IoT(Internet of Things)に関するまとまった本を探していたところ評判がよさそうだったので購入してみました。
『IoT・AIの法律と戦略』と銘打っていますが大きくは
- IoT・AIの仕組みと法律の概要
- IoT・AIの法律各論
に分かれていますが、いずれも一冊の本が書けるだけの内容だけにコンパクトにまとまっている印象を受けました。
本書の特徴として
- 現行法をベースにどのように解釈できるのかを明示する(政策論には踏み込まない)
- 現行法の要件(条文・判例上)を必ず明示し、事実(概念)・要件解釈・あてはめという思考過程を行う
という形がとられています。
そのため、既に法律を学んだ者からすれば読みやすく理解がしやすい本になっています。また、図表も多いので初めて法律を学ぶ人でも十分理解することができるはずです。
IoT・AIの法律各論では、①パーソナルデータ②ビックデータ③AI④自動運転⑤ドローンなどのIoTの議論で必ず出てくる内容を取り上げています。
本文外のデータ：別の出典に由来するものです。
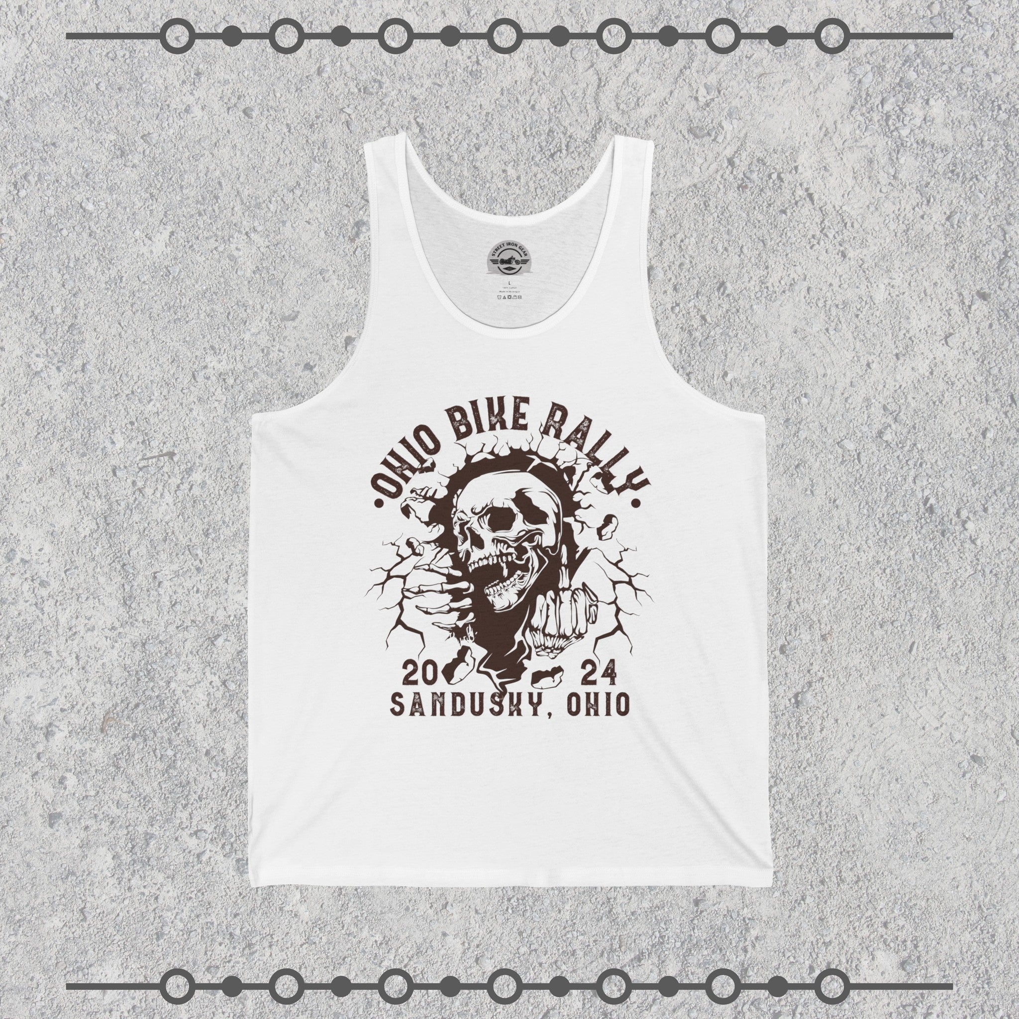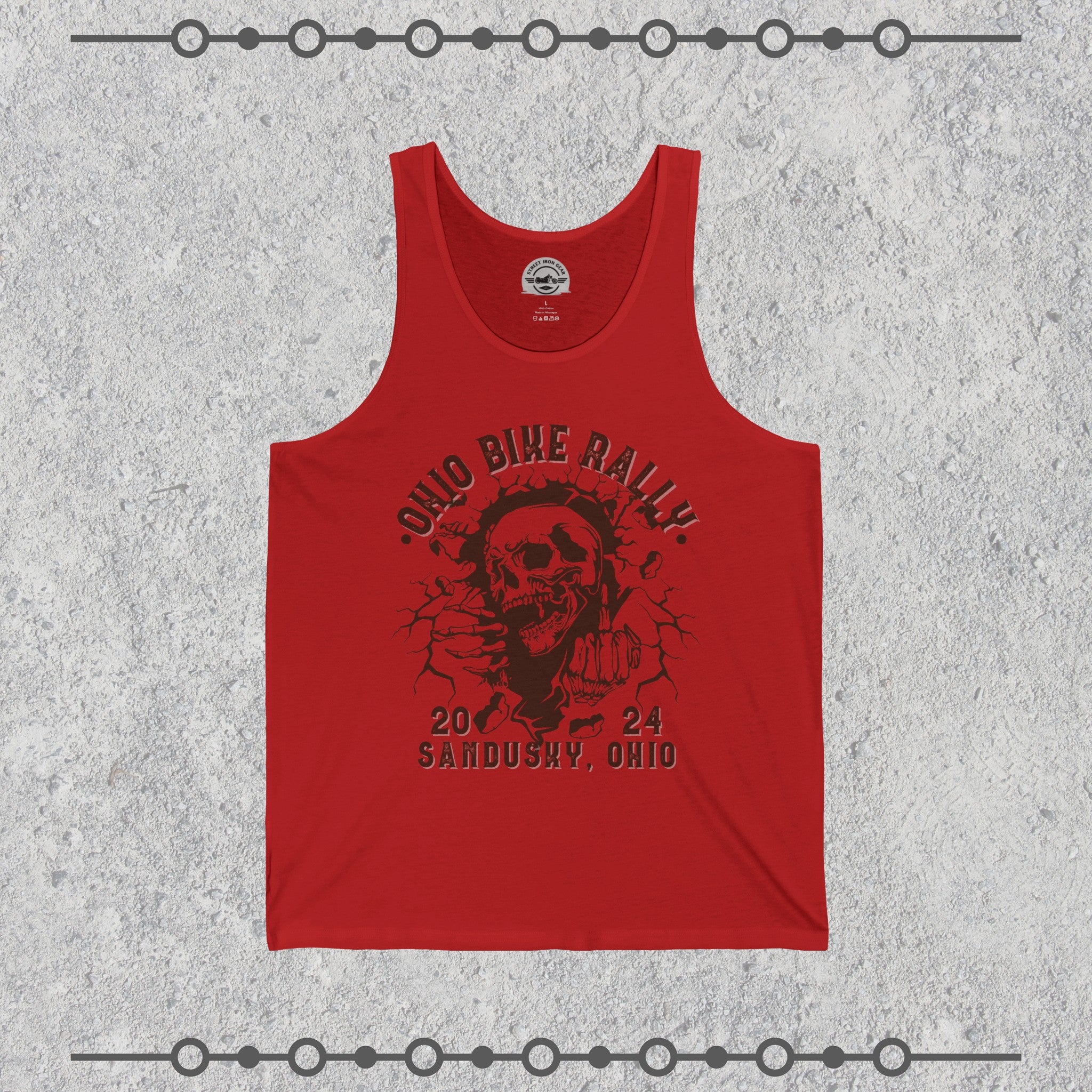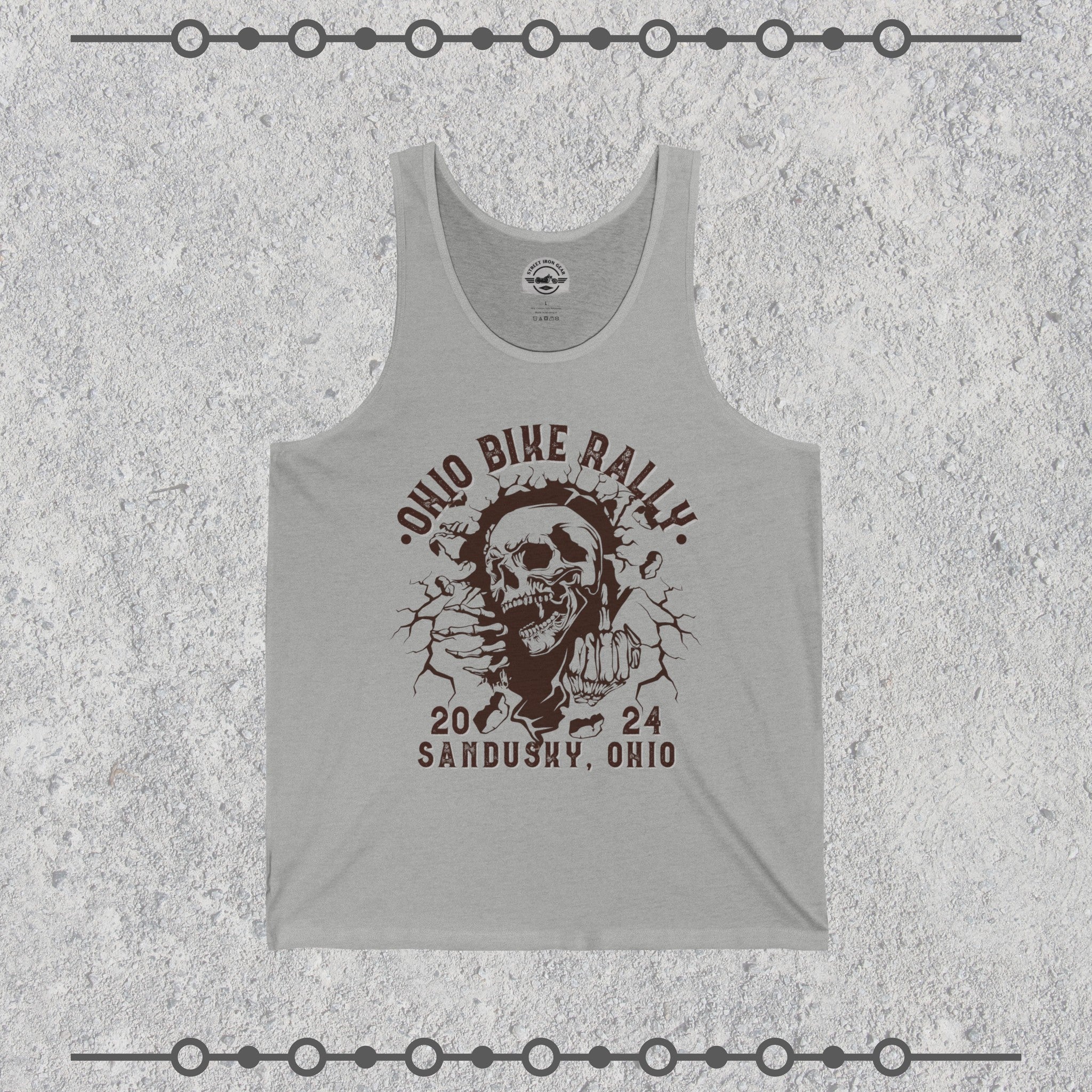 Step into the wild heart of biking culture with Street Iron Gear's Ohio Bike Rally 2024 Jersey Tank, where a monochrome skull tears through the fabric amidst a backdrop of dynamic cracks, boldly declaring the Ohio Bike Rally in Sandusky, Ohio. This arresting design captures the essence of thrill and freedom. Perfect for those who live for the roar of engines and the call of the open road, this tee is your ticket to standing out at Ohio's premier motorcycle event.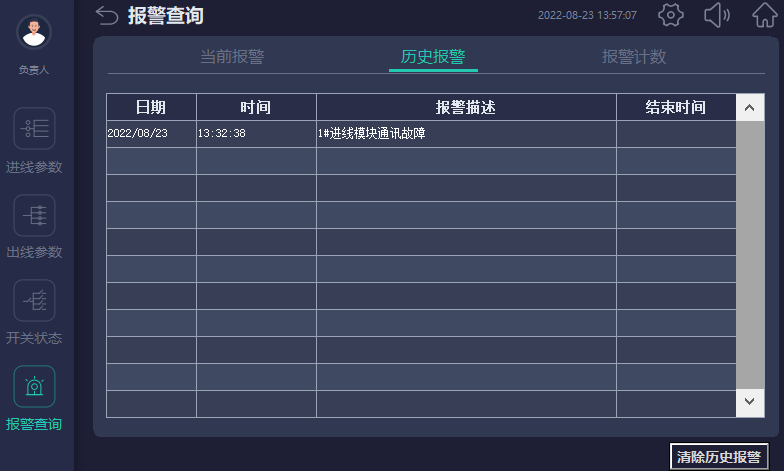 当前报警界面可查看实时报警和历史报警;开关量动作告警;任意数据的定时存储;进线过电流2段阀值越限告警,可任意设定告警值;进线过压、欠压、缺相、过频率、低频率越限告警;声光告警功能。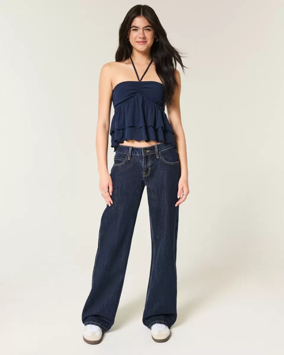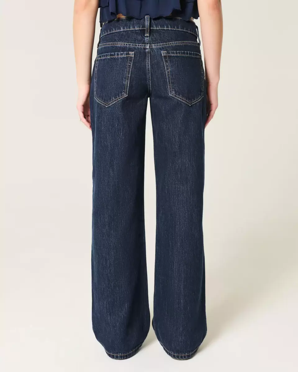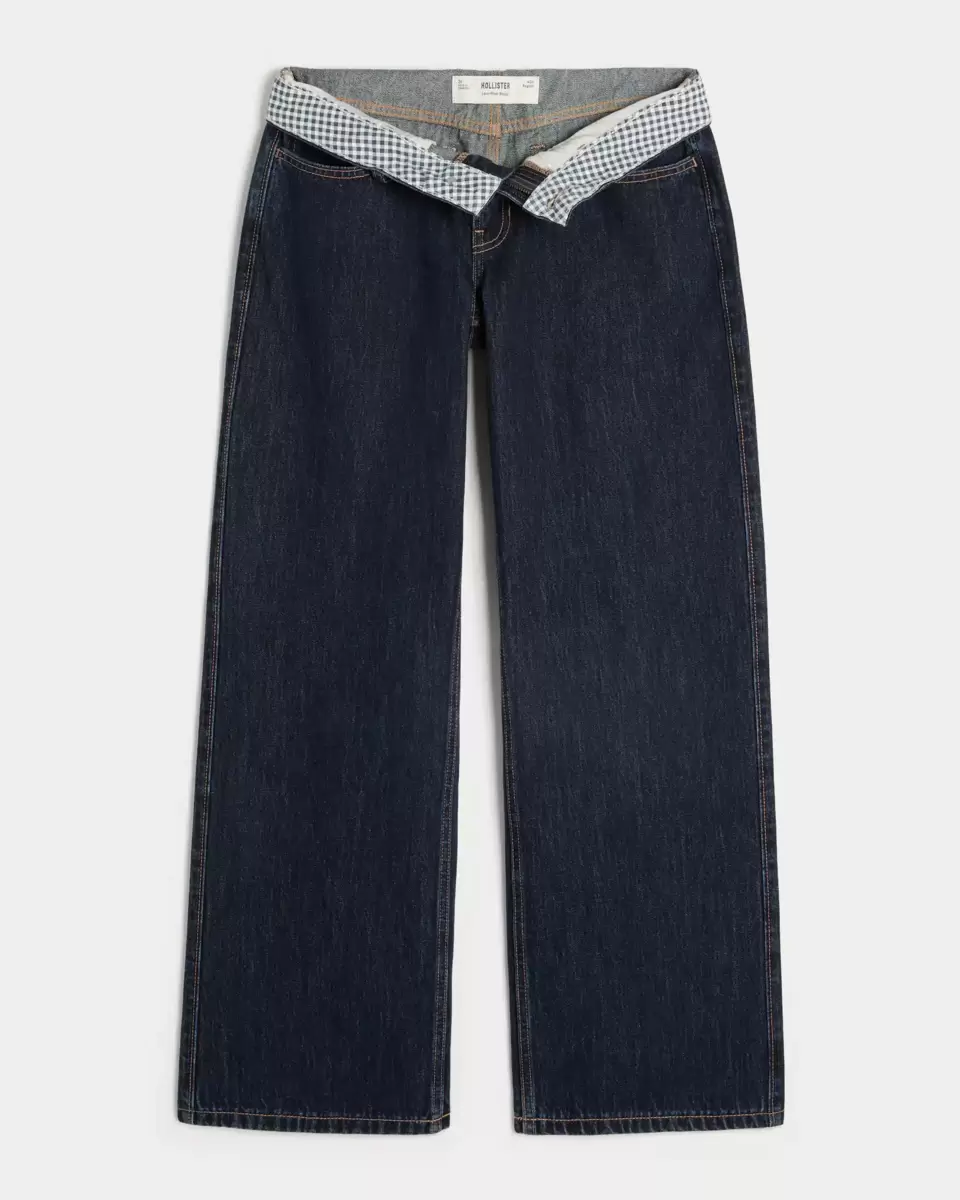 Comfortable denim jeans designed with a flattering low-rise waist and baggy leg. Foldover waistband with interior pattern, dark wash. Imported.

そのうち、パーソナルデータ・ビックデータの記述が半分ぐらいを占めています。
パーソナルデータ・ビックデータに関する書籍はほかにもあります。
ただ、IoTに限定して必要な部分という意味では個人情報保護法に関する書籍よりも事例をもとに精緻な論述を行っており、この部分だけでも読む価値が高いなぁと思いました。
その他電気通信事業法に関する説明やドローンに関する説明などコンパクトにまとまっているので、ガイドラインを読む前にまずはここからスタートしても良いのかもしれません。
今後、この領域の入門書的な立ち位置になっていく書籍なのかもしれないですね。